The dispute means that district and charter leaders are still hashing out rules for the five-year-old common enrollment system just weeks before applications are due to open. Now, some charter schools are considering withdrawing entirely — potentially triggering a return to the fragmented application process families faced before universal enrollment launched in 2013, charter proponents say.
“Realistically, it’s possible that could happen,” said one of the people briefed on the talks who, like the others, asked to remain anonymous while negotiations continue. “We’re really late in the game right now.”
The dustup marks another instance where León appears eager to roll back his predecessors’ policies — even if it means moving quickly, before all the potential consequences are known.
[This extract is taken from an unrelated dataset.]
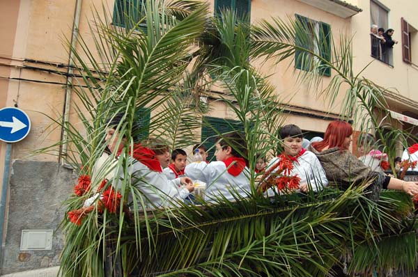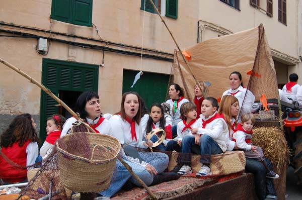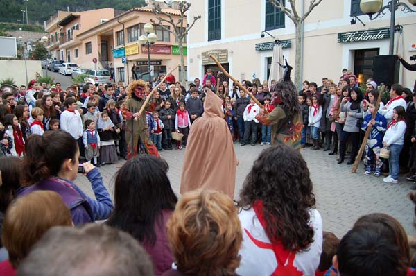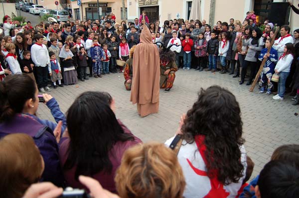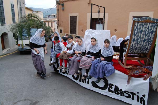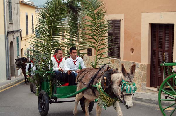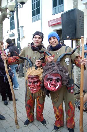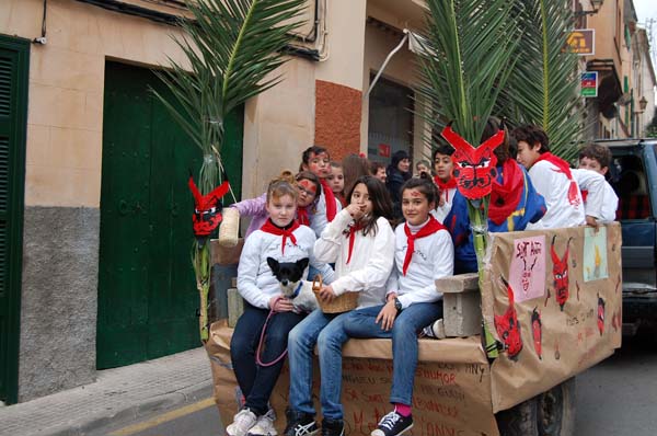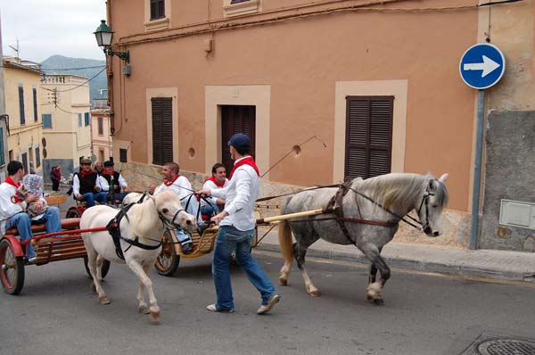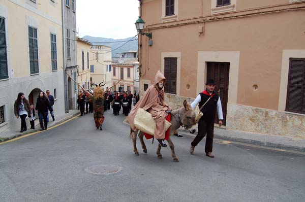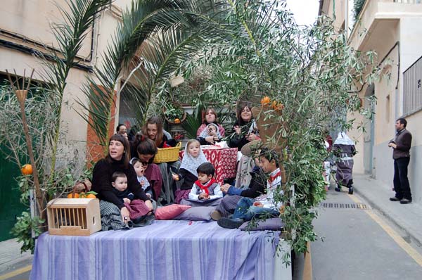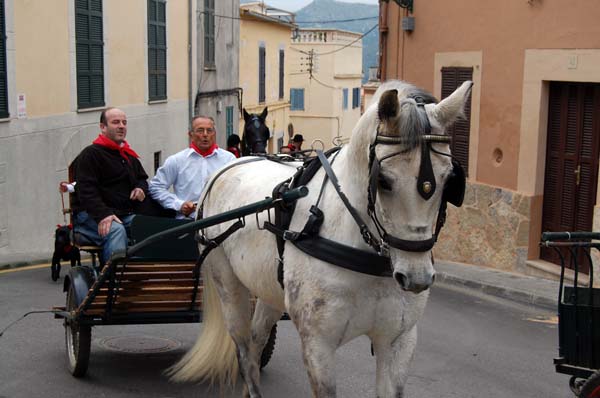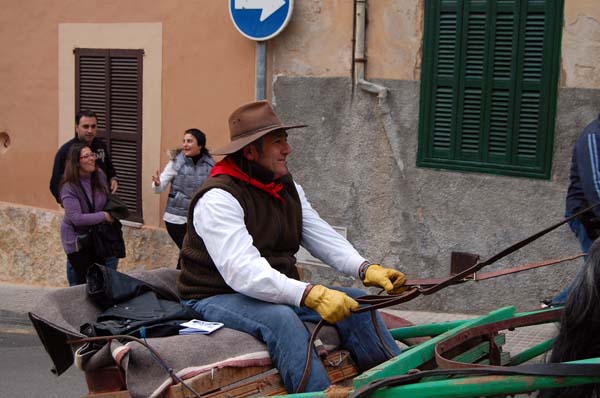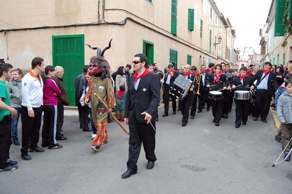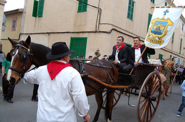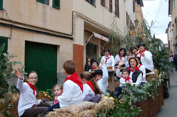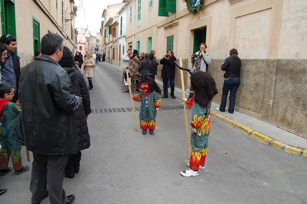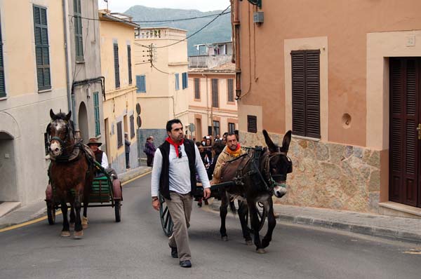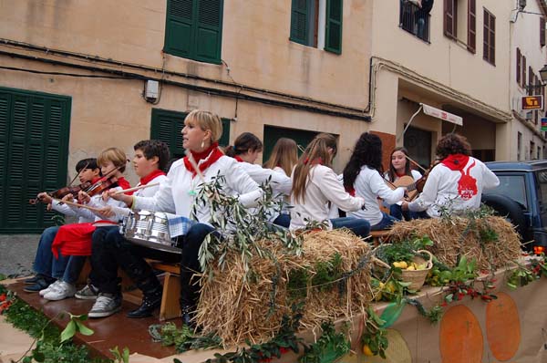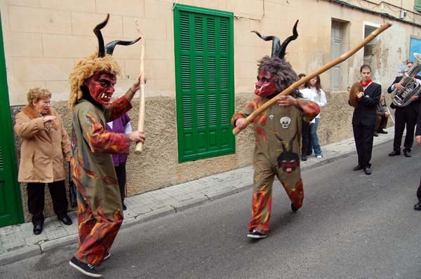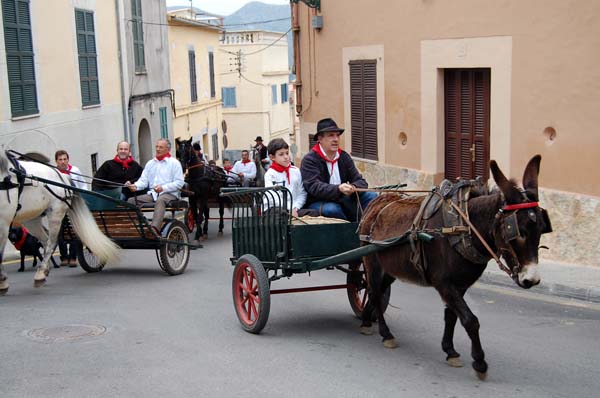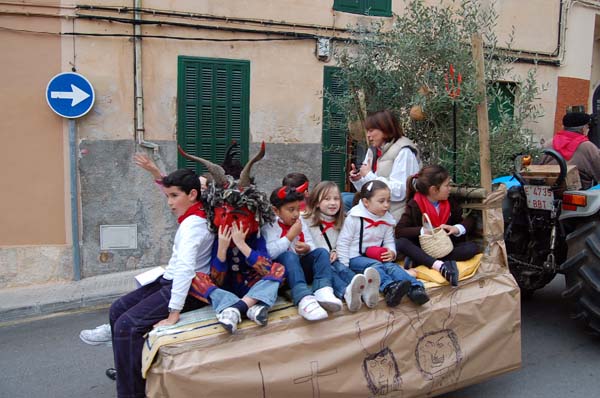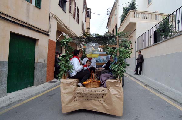 Parlàvem de puntualitat, i a les 3 del capvespre en punt els obrers majors ja estaven a punt de partida. I no hagueren d’esperar gaire, perquè immediatament es presentà la comitiva: el carro, sant Antoni, els dimonis i la banda de música. I endavant s’ha dit.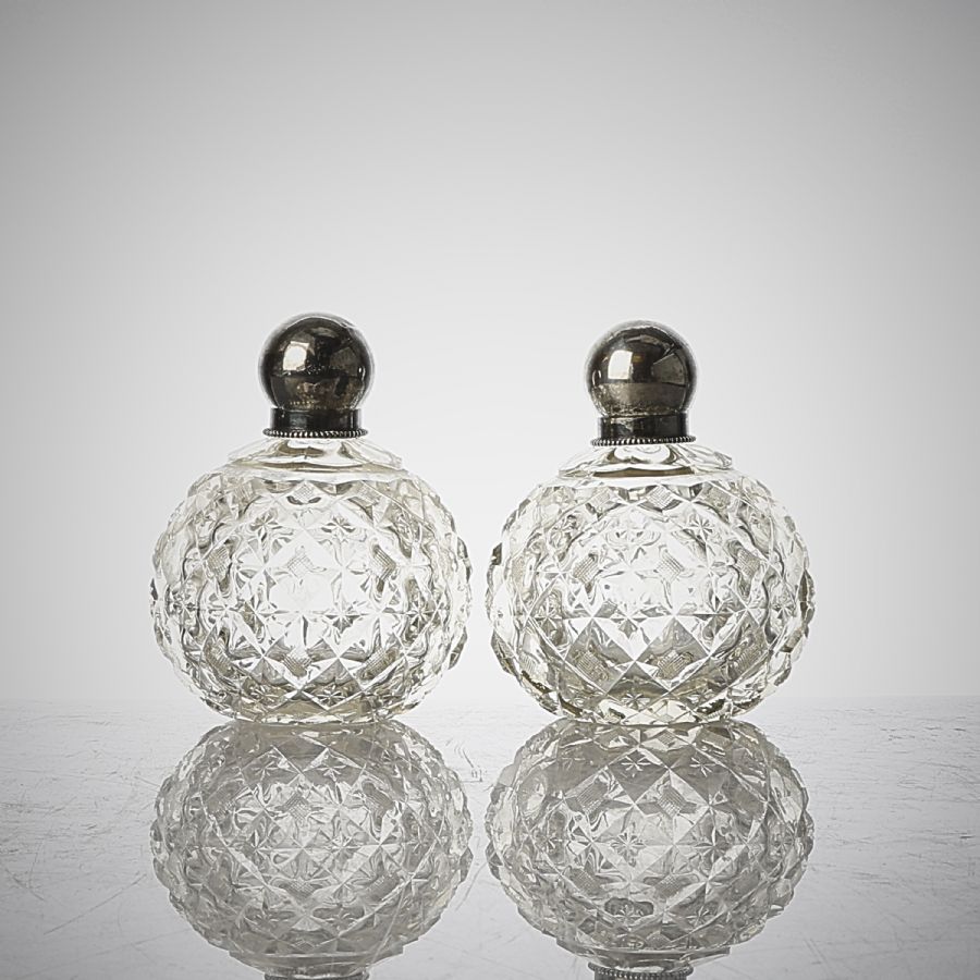 Ett par, med proppar i silver (800), slipad dekor, glas. Höjd: 13 cm. Brutt. Vikt: 975g

On the first day of classes, he told principals he was eliminating extra hours for struggling schools, forcing them to scramble to reset their schedules. And before even taking office on July 1, he pushed out dozens of top officials — a move the school board, which was not consulted in advance, partially blocked.
One of those officials was the district’s head of enrollment, Gabrielle Ramos-Solomon. She oversaw the universal enrollment system, called “Newark Enrolls,” which lets families apply to most of the city’s traditional, magnet, and charter schools using a single application. After a chaotic launch that outraged many parents, the system today gets high marks on user surveys. Yet it remains controversial among critics of charter schools who view it little more than a ploy to funnel students into the privately managed schools.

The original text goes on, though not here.